Your instructions:
Can you write out every line from the start of the records below through the line containing "Cây hoa lan", leaving out any pictures?

Material to process:

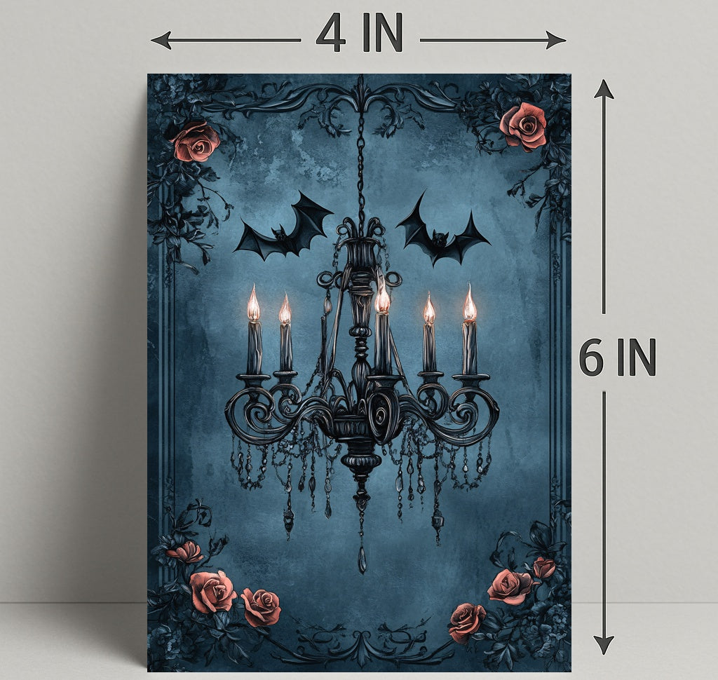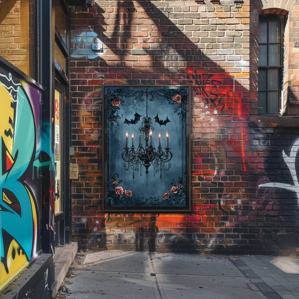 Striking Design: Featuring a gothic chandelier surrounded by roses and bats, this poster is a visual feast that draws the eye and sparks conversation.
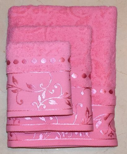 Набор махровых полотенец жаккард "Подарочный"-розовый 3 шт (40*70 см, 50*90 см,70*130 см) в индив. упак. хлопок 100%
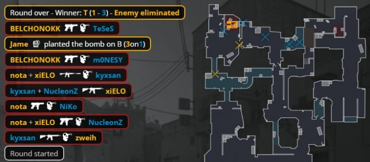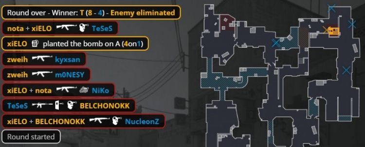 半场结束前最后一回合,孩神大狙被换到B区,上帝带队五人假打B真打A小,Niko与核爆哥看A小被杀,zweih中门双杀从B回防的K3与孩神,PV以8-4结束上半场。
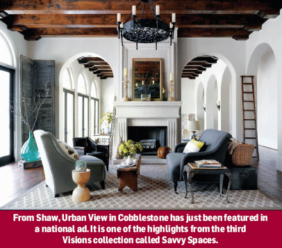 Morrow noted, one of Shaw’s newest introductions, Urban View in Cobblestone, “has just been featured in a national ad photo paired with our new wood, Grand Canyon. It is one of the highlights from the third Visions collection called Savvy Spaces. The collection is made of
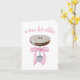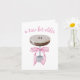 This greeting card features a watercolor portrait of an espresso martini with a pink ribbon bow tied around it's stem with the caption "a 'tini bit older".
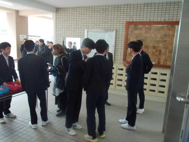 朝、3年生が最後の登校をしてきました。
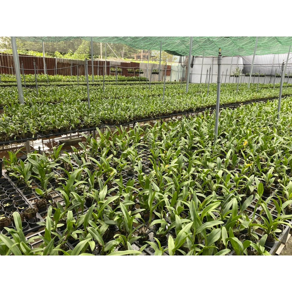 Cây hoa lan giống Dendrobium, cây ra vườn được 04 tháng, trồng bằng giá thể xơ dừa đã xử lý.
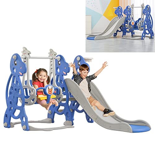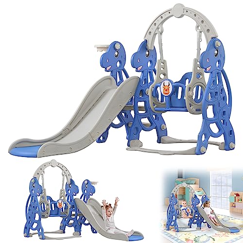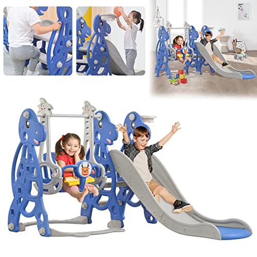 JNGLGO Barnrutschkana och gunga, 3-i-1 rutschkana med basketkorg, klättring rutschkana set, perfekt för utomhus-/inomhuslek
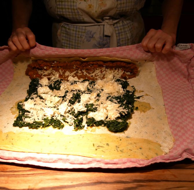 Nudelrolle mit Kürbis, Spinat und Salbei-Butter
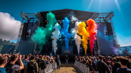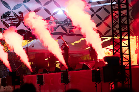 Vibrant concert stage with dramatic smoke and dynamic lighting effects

Solution for this problem:
 Striking Design: Featuring a gothic chandelier surrounded by roses and bats, this poster is a visual feast that draws the eye and sparks conversation.
 Набор махровых полотенец жаккард "Подарочный"-розовый 3 шт (40*70 см, 50*90 см,70*130 см) в индив. упак. хлопок 100%
 半场结束前最后一回合,孩神大狙被换到B区,上帝带队五人假打B真打A小,Niko与核爆哥看A小被杀,zweih中门双杀从B回防的K3与孩神,PV以8-4结束上半场。
 Morrow noted, one of Shaw’s newest introductions, Urban View in Cobblestone, “has just been featured in a national ad photo paired with our new wood, Grand Canyon. It is one of the highlights from the third Visions collection called Savvy Spaces. The collection is made of
 This greeting card features a watercolor portrait of an espresso martini with a pink ribbon bow tied around it's stem with the caption "a 'tini bit older".
 朝、3年生が最後の登校をしてきました。
 Cây hoa lan giống Dendrobium, cây ra vườn được 04 tháng, trồng bằng giá thể xơ dừa đã xử lý.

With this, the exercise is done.